TASK OBJECTIVE: This exercise asks for the entries to be repeated exactly, without their images.

Top of EXERCISE MATERIAL

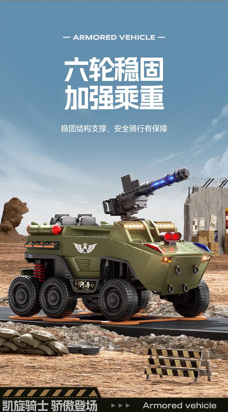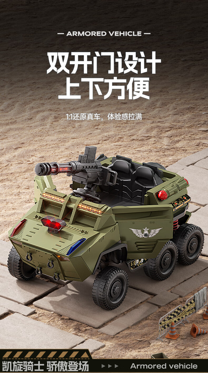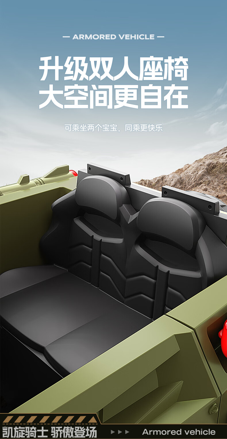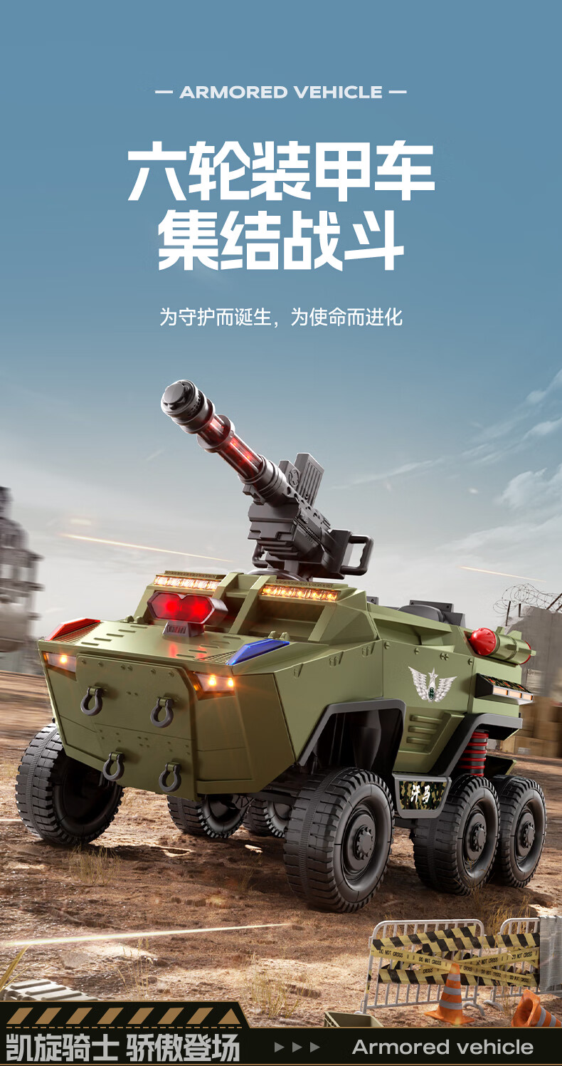 Mother and baby children's electric car boy six-wheel child remote control toy car baby tank armored car can take adults off-road army green + four-wheel drive + 12V7 + light and music + remote control electric drive
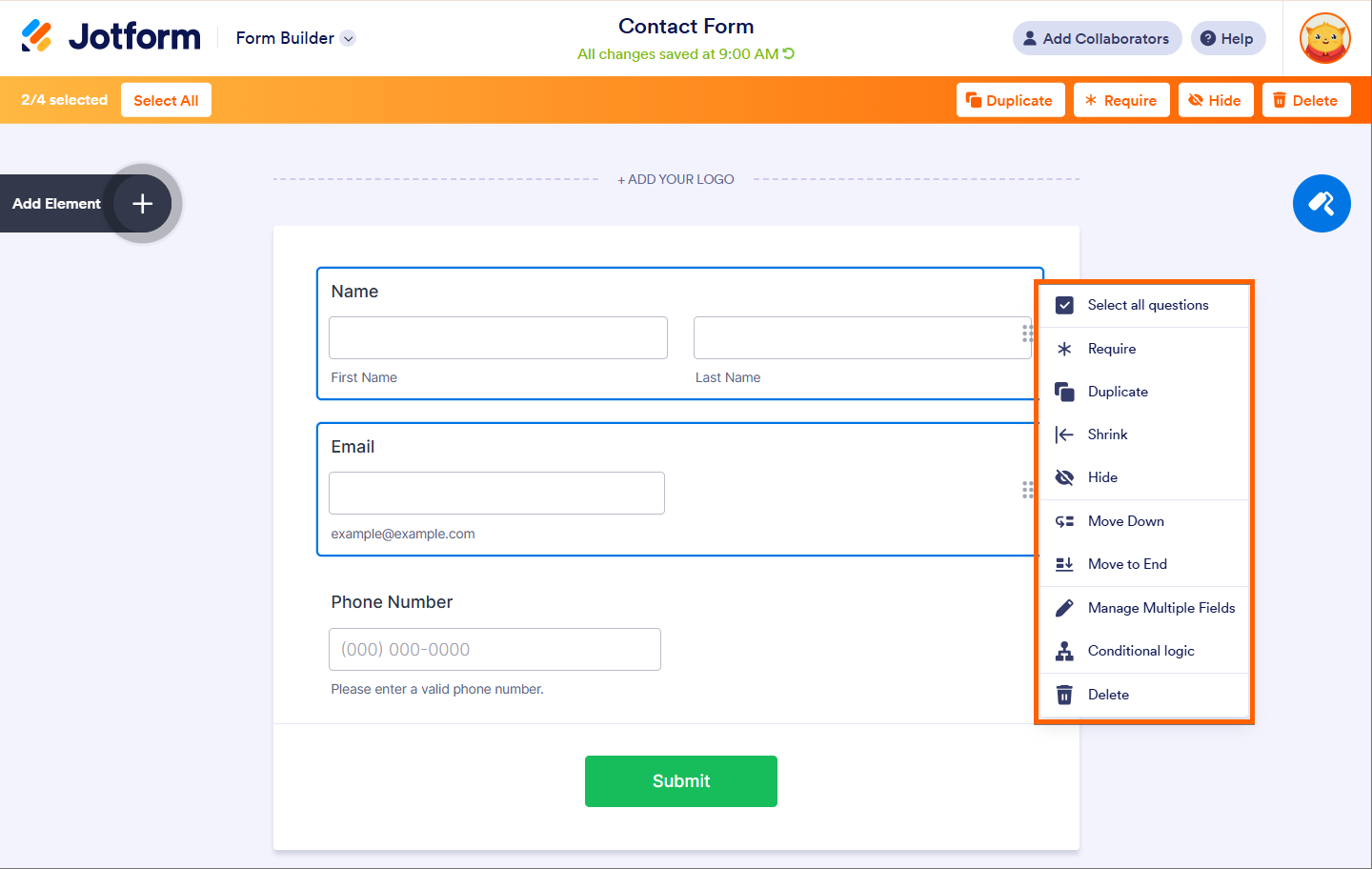 The Form Builder makes it easy to manage and organize your form fields. You can select multiple fields at once, rearrange them, or apply settings like duplicating, hiding, or deleting fields.
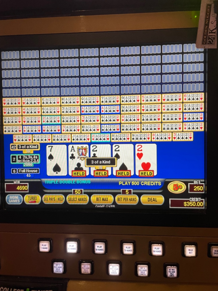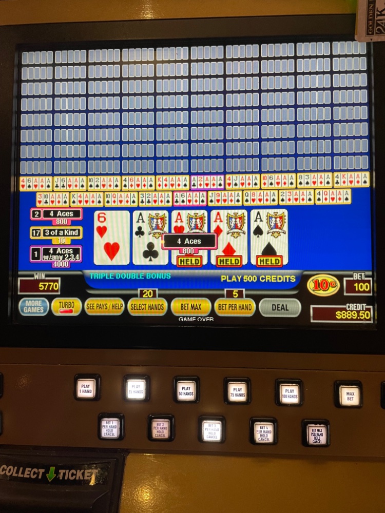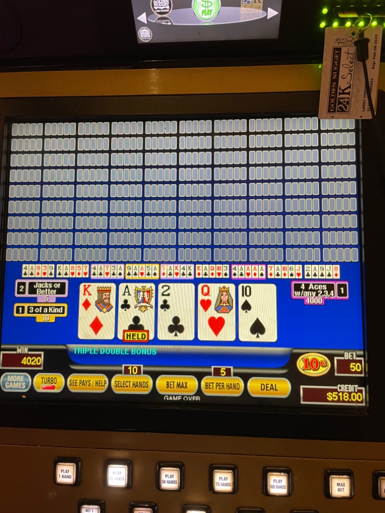 Sweet C and I usually take a two day trip and come home late on Day #2. We usually eat an late afternoon dinner and play $100 each before heading home. Sometimes we can play a short time and head home other times we get on a roll. Within 20 minutes Sweet C came around to where I was playing 10¢-10 hands/deal on a 100 play machine. DDB gave me a quad Aces for a nice $80 bump. A premonition told me to go to TDB which I may play .001% of the time. A few hands in a dealt A hits Aces /4 for $400. Cash out and bankroll Sweet C. A few minutes after resuming and moving up a hand or two at a time up to 20 hands 3 Aces led to 1X4 Aces and another 4 Aces/2. 30 minutes later and up to 27 hands AK10 spades on DDB led to to RF. Less than 10 minutes later back on TDB dealt A222 led to 2XA2222 for another $400. Thirty-three hands and dealt 22 on DW led to 2 4Deuces. Twenty minutes and shortly after 6:00 35 hands with AA caught one AAA4A to closed out the evening and a drive home.
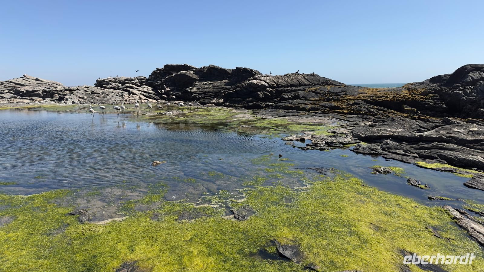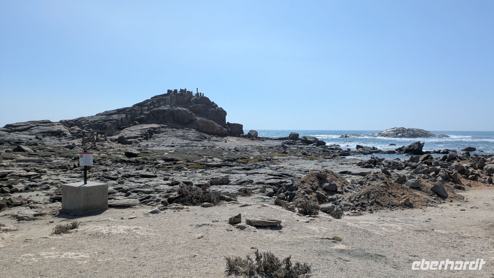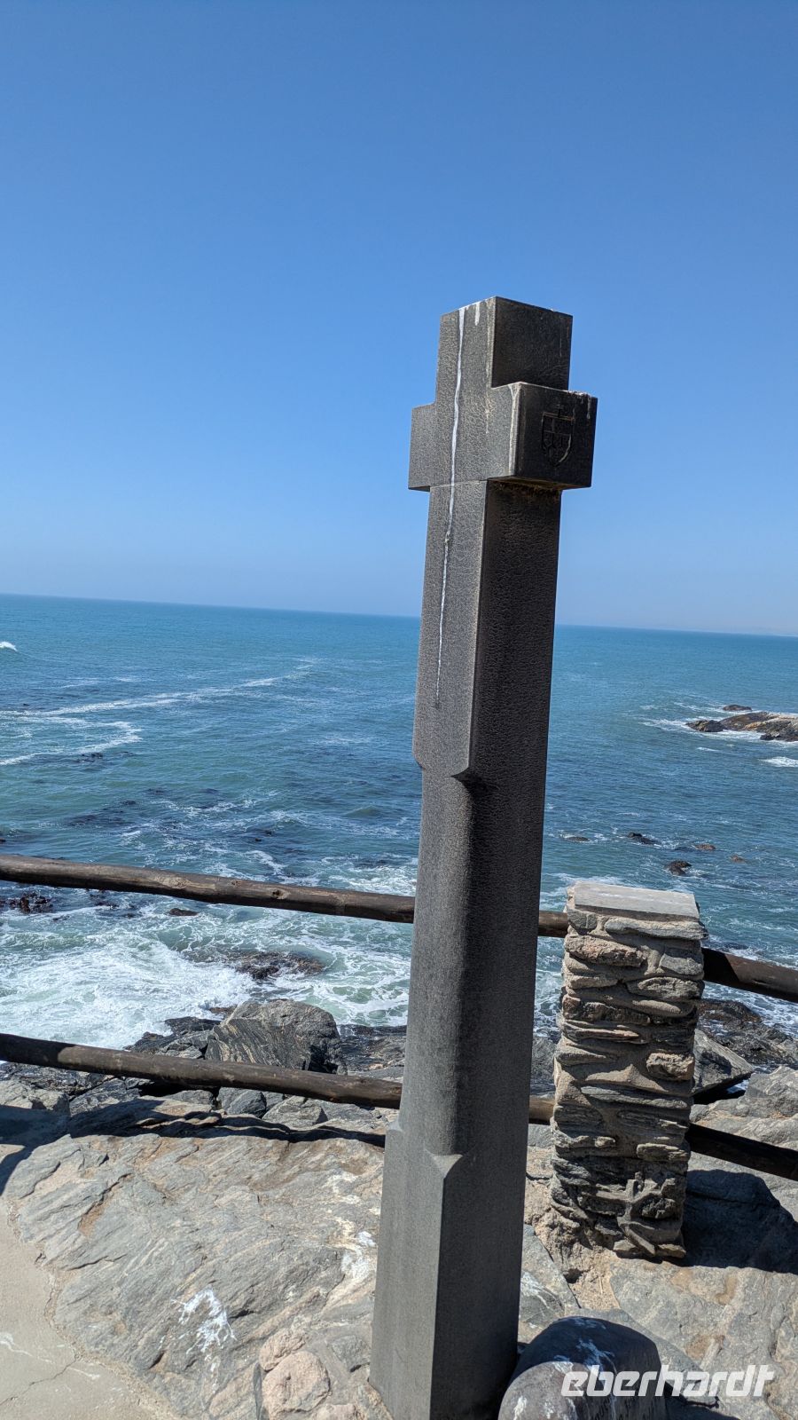 Der portugiesische Seefahrer Bartolomeu Dias errichtete hier 1488 eines seiner steinernen Kreuze, um seine Ankunft und die Besitznahme für Portugal festzuhalten. Oben am Kreuz genießen wir eine beeindruckende Aussicht über die Bucht und den Leuchtturm – und entdecken auf einer vorgelagerten Insel sogar eine Robbenkolonie.
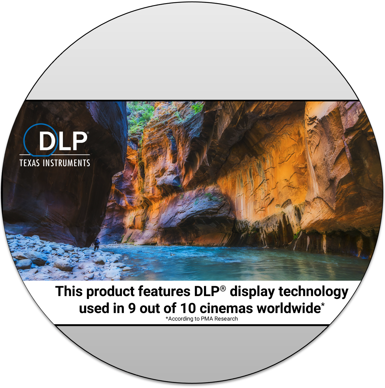 根據(jù)全球 90% 的電影院中使用的相同顯示技術(shù)(基于 PMA 研究),DLP 芯片組可以實(shí)現(xiàn)能提供飽和色彩和高對比度的顯示器。顯示系統(tǒng)的性能因光學(xué)引擎而異。 |
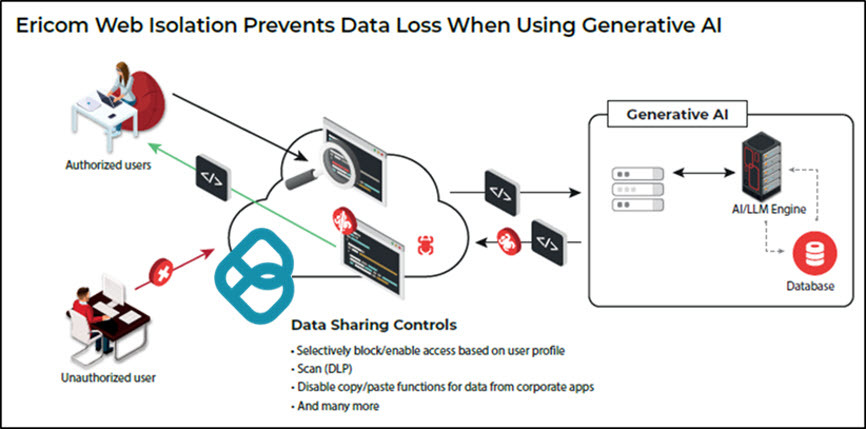 Ericom Security by Cradlepoint’s approach to Generative AI Isolation centers on accessing ChatGPT in a virtual browser that is isolated in the Ericom Cloud Platform. Source: Ericom Security by Cradlepoint
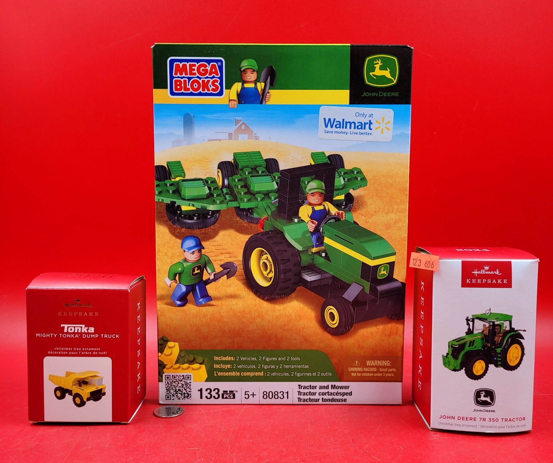 John Deere Mega Bloks Set, Hallmark Tonka Ornament, & Hallmark John Deere Ornament
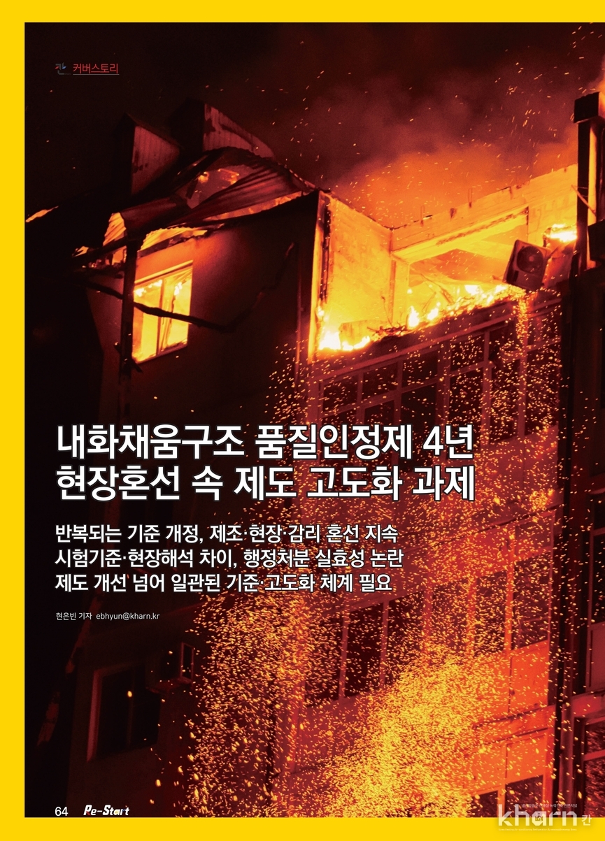 이번 기획에서는 내화채움구조 품질인 정제도 도입 배경과 현장에서 반복적으로 제기되는 주요 쟁점을 짚고 제도의 안정적 정착을 위한 개선 방향을 살펴본다.
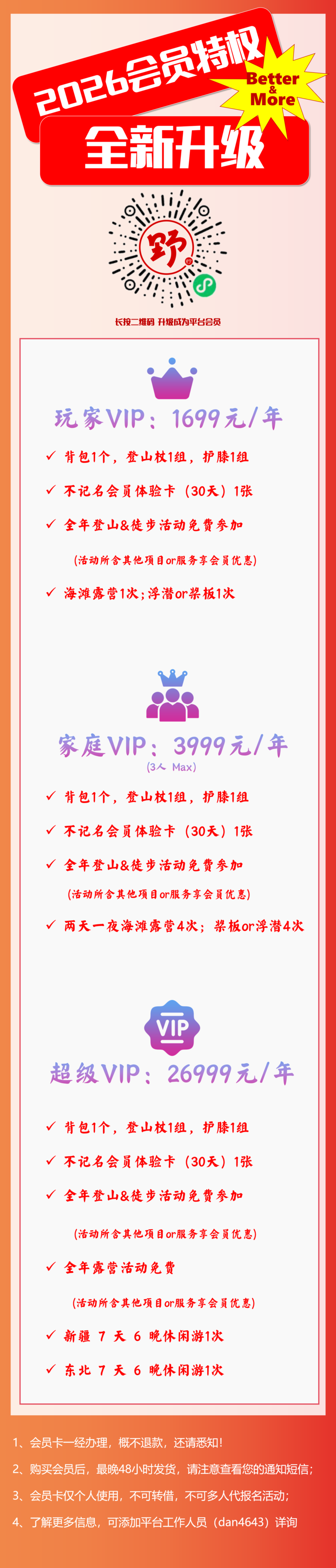 3.活动出发前,48小时内退出,活动费不退;

Bottom of EXERCISE MATERIAL

RESULT FOR THIS TASK:
 Mother and baby children's electric car boy six-wheel child remote control toy car baby tank armored car can take adults off-road army green + four-wheel drive + 12V7 + light and music + remote control electric drive
 The Form Builder makes it easy to manage and organize your form fields. You can select multiple fields at once, rearrange them, or apply settings like duplicating, hiding, or deleting fields.
 Sweet C and I usually take a two day trip and come home late on Day #2. We usually eat an late afternoon dinner and play $100 each before heading home. Sometimes we can play a short time and head home other times we get on a roll. Within 20 minutes Sweet C came around to where I was playing 10¢-10 hands/deal on a 100 play machine. DDB gave me a quad Aces for a nice $80 bump. A premonition told me to go to TDB which I may play .001% of the time. A few hands in a dealt A hits Aces /4 for $400. Cash out and bankroll Sweet C. A few minutes after resuming and moving up a hand or two at a time up to 20 hands 3 Aces led to 1X4 Aces and another 4 Aces/2. 30 minutes later and up to 27 hands AK10 spades on DDB led to to RF. Less than 10 minutes later back on TDB dealt A222 led to 2XA2222 for another $400. Thirty-three hands and dealt 22 on DW led to 2 4Deuces. Twenty minutes and shortly after 6:00 35 hands with AA caught one AAA4A to closed out the evening and a drive home.
 Der portugiesische Seefahrer Bartolomeu Dias errichtete hier 1488 eines seiner steinernen Kreuze, um seine Ankunft und die Besitznahme für Portugal festzuhalten. Oben am Kreuz genießen wir eine beeindruckende Aussicht über die Bucht und den Leuchtturm – und entdecken auf einer vorgelagerten Insel sogar eine Robbenkolonie.
 根據(jù)全球 90% 的電影院中使用的相同顯示技術(shù)(基于 PMA 研究),DLP 芯片組可以實(shí)現(xiàn)能提供飽和色彩和高對比度的顯示器。顯示系統(tǒng)的性能因光學(xué)引擎而異。 |
 Ericom Security by Cradlepoint’s approach to Generative AI Isolation centers on accessing ChatGPT in a virtual browser that is isolated in the Ericom Cloud Platform. Source: Ericom Security by Cradlepoint
 John Deere Mega Bloks Set, Hallmark Tonka Ornament, & Hallmark John Deere Ornament
 이번 기획에서는 내화채움구조 품질인 정제도 도입 배경과 현장에서 반복적으로 제기되는 주요 쟁점을 짚고 제도의 안정적 정착을 위한 개선 방향을 살펴본다.
 3.活动出发前,48小时内退出,活动费不退;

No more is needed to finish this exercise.